#### INFORMATION PROVIDED ####

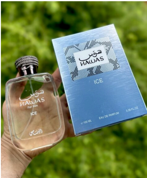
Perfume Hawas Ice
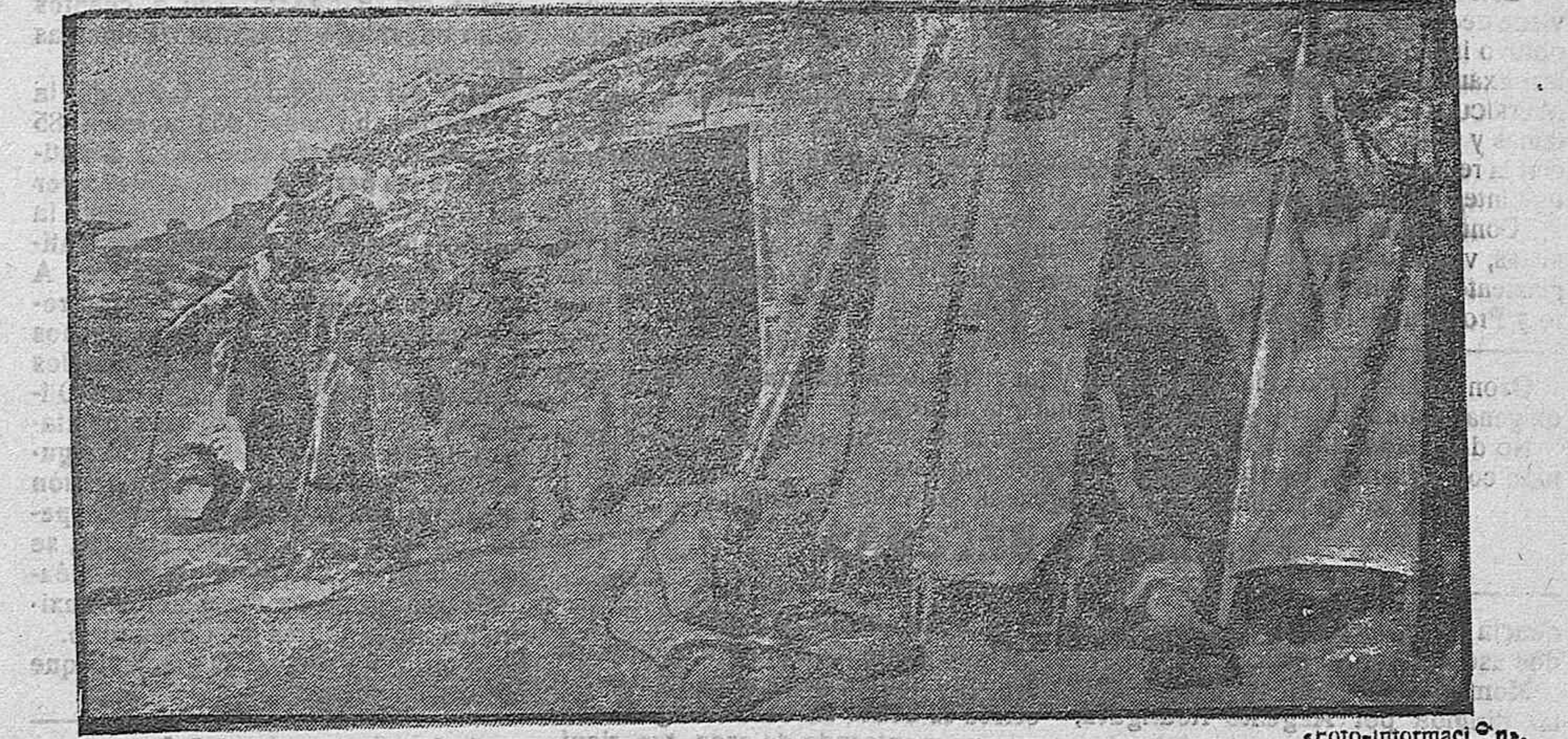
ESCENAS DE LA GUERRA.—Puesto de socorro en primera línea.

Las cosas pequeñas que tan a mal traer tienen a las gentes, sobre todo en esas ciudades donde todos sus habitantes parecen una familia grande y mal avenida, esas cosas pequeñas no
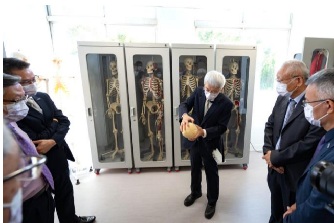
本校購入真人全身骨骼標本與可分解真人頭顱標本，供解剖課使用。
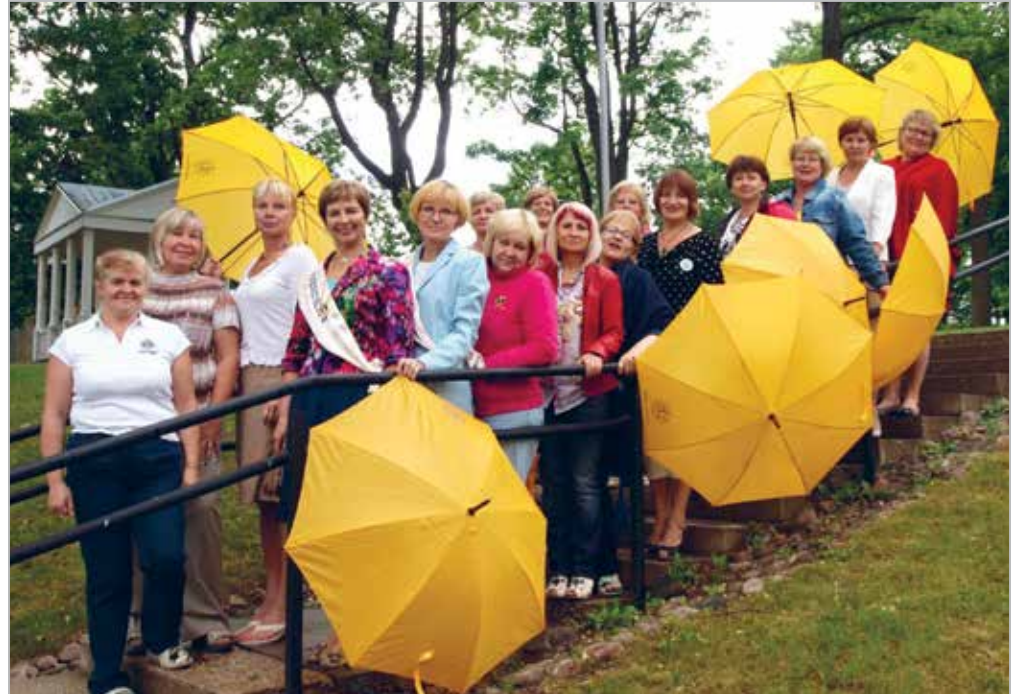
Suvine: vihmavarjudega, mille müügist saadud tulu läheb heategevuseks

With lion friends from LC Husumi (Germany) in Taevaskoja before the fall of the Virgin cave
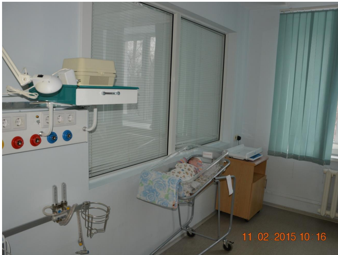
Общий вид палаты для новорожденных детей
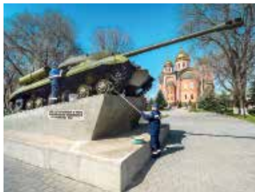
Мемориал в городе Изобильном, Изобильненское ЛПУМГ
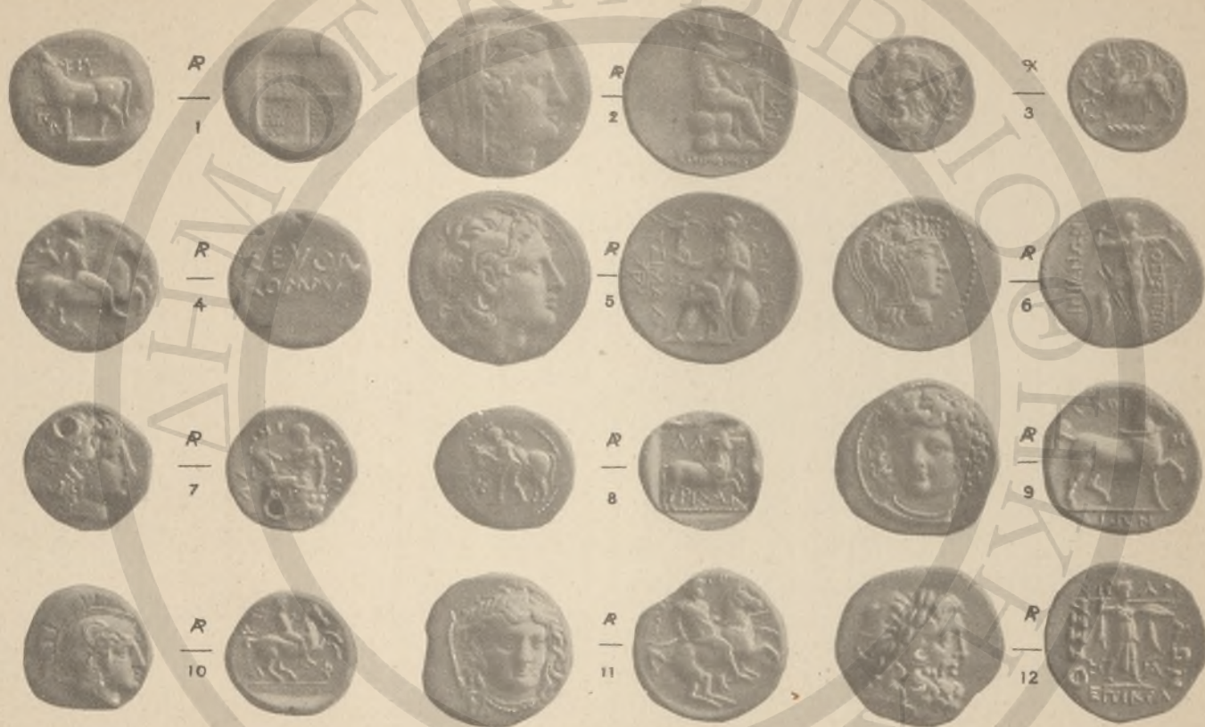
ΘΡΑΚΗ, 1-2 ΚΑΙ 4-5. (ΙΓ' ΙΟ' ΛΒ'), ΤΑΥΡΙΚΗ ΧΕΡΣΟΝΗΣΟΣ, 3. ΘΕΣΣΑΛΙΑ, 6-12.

####

> _WORK ORDER_:
Go through the entries above and write them out again exactly, images left behind.

> _WRITTEN REPLY_:
Perfume Hawas Ice
ESCENAS DE LA GUERRA.—Puesto de socorro en primera línea.

Las cosas pequeñas que tan a mal traer tienen a las gentes, sobre todo en esas ciudades donde todos sus habitantes parecen una familia grande y mal avenida, esas cosas pequeñas no
本校購入真人全身骨骼標本與可分解真人頭顱標本，供解剖課使用。
Suvine: vihmavarjudega, mille müügist saadud tulu läheb heategevuseks

With lion friends from LC Husumi (Germany) in Taevaskoja before the fall of the Virgin cave
Общий вид палаты для новорожденных детей
Мемориал в городе Изобильном, Изобильненское ЛПУМГ
ΘΡΑΚΗ, 1-2 ΚΑΙ 4-5. (ΙΓ' ΙΟ' ΛΒ'), ΤΑΥΡΙΚΗ ΧΕΡΣΟΝΗΣΟΣ, 3. ΘΕΣΣΑΛΙΑ, 6-12.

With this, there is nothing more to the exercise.